As with any operation under general anaesthetic, there is a very small risk of complications related to the heart and the lungs. The tests that your child will have before the operation will make sure that he can have the operation in the safest possible way and will bring the risk for such complications very close to zero.
There is often some swelling and even some redness around the wound. These usually settle in three or four days. Bleeding is very rarely a problem and gets settled with some extra pressure on the wound area. Extremely rarely, another operation may be needed to stop the bleeding. Infection in the wound area is a rare problem and settles down with antibiotics in a week or two. The same is true for some swelling of the testicle, which happens rarely and is usually settled by taking antibiotics for a week or two. Sometimes the stitches take a month or more to drop out of the wound. This happens and you and your child should not worry about it.
In about 10% of cases, one or both testicles cannot be brought down into the scrotum or the testicle draws back up into the groin again. Another operation is necessary to fix this problem. In 5% of cases, there may be some shrinkage of the testicle after the operation or, very rarely, the testicle can become necrotic (dying). This happens because the blood supply to the testicle can be partly or completely damaged during the operation. The surgeon will discuss these problems with you and your child if they happen.
Another rare complication that can happen during this operation is damage to the structures that carry the sperm from the testicle. This can have an affect on your child’s fertility in the future (his ability to father children) since one of his testicles will not contribute sperm. You should discuss the possibility of this rare complication with your surgeon.
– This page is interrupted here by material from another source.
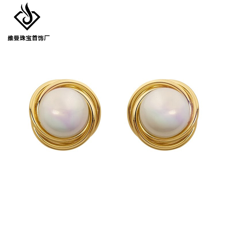 国境を越えた欧米の名媛気質スパイラル真珠ピアス女性の贅沢な高級感フランスのレトロな貝母耳飾り

One important thing to keep in mind is that children with undescended or maldescended testicles have a higher risk (some studies show as much as 10 times higher) of developing testicular cancer compared with children who don’t have this problem. This risk is the same for the testicle(s) that needs to be brought down as well as for the testicle that is in the correct place. The orchidopexy does not reduce the chances of cancer developing but allows for both testicles to be examined easily, properly and regularly to detect any developing tumour as early as possible.
The operation can be a little painful for a week or two. You and your child will need to be patient. These notes should help you and your child through his operation. They are a general guide. They do not cover everything. Also, all hospitals and surgeons vary a little. If you have any queries or problems, please ask the doctors or nurses.